Lionel Bengelsdorf is celebrity rabbi, eventual husband to Philip's Aunt Evelyn, director of the Office of American Absorption (which sponsors relocation and deracination programs), and eventual (Rasputin-like?) spokeman for first lady, Ann Morrow. Both Lionel and Evelyn are star-struck by Joachim von Ribbentrop, Germany's minister for foreign affairs (and signatory to 1939 non-aggression pact with Molotov of USSR) during reception at White House. Incrementally, civil rights of American Jews are eroded, leading up to relocations and pogroms in 1942. News reporter Walter Winchell, reviled as a muckraker, but respected as cultural whistleblower and political conscience, tries to wake up fellow citizens to encroaching fascism.

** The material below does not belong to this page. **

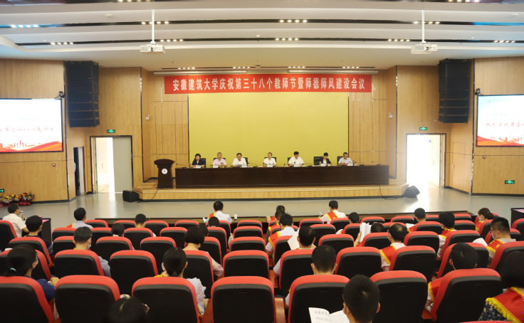 本网讯 9月9日,学校在南校区实验综合楼二楼报告厅隆重召开庆祝第38个教师节暨师德师风建设会议。校领导孙道胜、黄显怀、蔡新立、王玉兰、闵杰、蔡国军、李早出席大会,全体处级干部,2022年新入职教师、师德标兵、优秀教师、优秀教育工作者等教师代表参加会议。会议由校党委常委、副校长蔡新立主持。

Another hero of story, Fiorello La Guardia (born to Jewish mother and Italian father), mayor of New York, major opponent to Lindbergh.

True facts described in story, and confirmed in postscript: Regarding Lindbergh: after having flown the Spirit of St. Louis 33 1/2 hours non-stop from Long Island to Paris in 1927, viewed across country and around world as hero. Married Anne Morrow in May 1929. Two-year-old son Charles kidnapped, found dead May 1932. October 1938 Lindbergh receives Service Cross of the German Eagle "by order of the Fuhrer" (as does his friend, owner of Dearborn Independent, and publisher of 91-article series "The International Jew: The World's Problem", Henry Ford). By 1938, viewed by many Jewish families with the same trepidation as his friend Father Charles Coughlin, Catholic priest radio commentator from Detroit, editor of weekly Social Justice.

October 1940, America First Committtee founded at Yale Law School to promote isolationism, with major address by Lindbergh who advocates American recognition of "the new powers in Europe." Also October 1940, Anne Morrow Lindbergh publishes best-selling The Wave of the Future, condemned by Secretary of Interior Harlod Ickes as "the Bible of every American Nazi". September 11, 1941 Lindbergh delivers speech "Who Are the War Agitators" to America First Rally in Des Moines, eliciting applause from 8 thousand attendees when citing "the Jewish race" as major cause for American war involvement. Following December 7th attack on Pearl Harbor, however, America First Committee disbanded.